Modeling a Data Distribution |
In addition to summarizing a data distribution as in the preceding example, you can use PROC UNIVARIATE to statistically model a distribution based on a random sample of data. The following statements create a data set named Aircraft that contains the measurements of a position deviation for a sample of 30 aircraft components.
data Aircraft; input Deviation @@; label Deviation = 'Position Deviation'; datalines; -.00653 0.00141 -.00702 -.00734 -.00649 -.00601 -.00631 -.00148 -.00731 -.00764 -.00275 -.00497 -.00741 -.00673 -.00573 -.00629 -.00671 -.00246 -.00222 -.00807 -.00621 -.00785 -.00544 -.00511 -.00138 -.00609 0.00038 -.00758 -.00731 -.00455 ;
An initial question in the analysis is whether the measurement distribution is normal. The following statements request a table of moments, the tests for normality, and a normal probability plot, which are shown in Figure 4.5 and Figure 4.6:
title 'Position Deviation Analysis'; ods graphics on; ods select Moments TestsForNormality ProbPlot; proc univariate data=Aircraft normaltest; var Deviation; probplot Deviation / normal (mu=est sigma=est) square; label Deviation = 'Position Deviation'; inset mean std / format=6.4; run;
When ODS Graphics is enabled, the procedure produces ODS Graphics output rather than traditional graphics. (See the section Alternatives for Producing Graphics for information about traditional graphics and ODS Graphics.) The INSET statement displays the sample mean and standard deviation on the probability plot.

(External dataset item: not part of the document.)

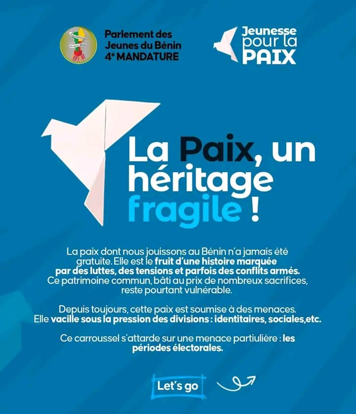 À quelques mois des élections générales de 2026, le Parlement des Jeunes du Bénin (PJB) a lancé une initiative majeure pour préserver la cohésion nationale : le projet « Jeunesse pour la Paix » en période électorale. C’est une campagne digitale axée sur la promotion de la paix avant, pendant et après les élections.

Position Deviation Analysis |
Moments | |||
---|---|---|---|
N | 30 | Sum Weights | 30 |
Mean | -0.0053067 | Sum Observations | -0.1592 |
Std Deviation | 0.00254362 | Variance | 6.47002E-6 |
Skewness | 1.2562507 | Kurtosis | 0.69790426 |
Uncorrected SS | 0.00103245 | Corrected SS | 0.00018763 |
Coeff Variation | -47.932613 | Std Error Mean | 0.0004644 |
Tests for Normality | ||||
---|---|---|---|---|
Test | Statistic | p Value | ||
Shapiro-Wilk | W | 0.845364 | Pr < W | 0.0005 |
Kolmogorov-Smirnov | D | 0.208921 | Pr > D | <0.0100 |
Cramer-von Mises | W-Sq | 0.329274 | Pr > W-Sq | <0.0050 |
Anderson-Darling | A-Sq | 1.784881 | Pr > A-Sq | <0.0050 |
All four goodness-of-fit tests in Figure 4.5 reject the hypothesis that the measurements are normally distributed.
Figure 4.6 shows a normal probability plot for the measurements. A linear pattern of points following the diagonal reference line would indicate that the measurements are normally distributed. Instead, the curved point pattern suggests that a skewed distribution, such as the lognormal, is more appropriate than the normal distribution.
A lognormal distribution for Deviation is fitted in Example 4.26.
A sample program for this example, univar2.sas, is available in the SAS Sample Library for Base SAS software.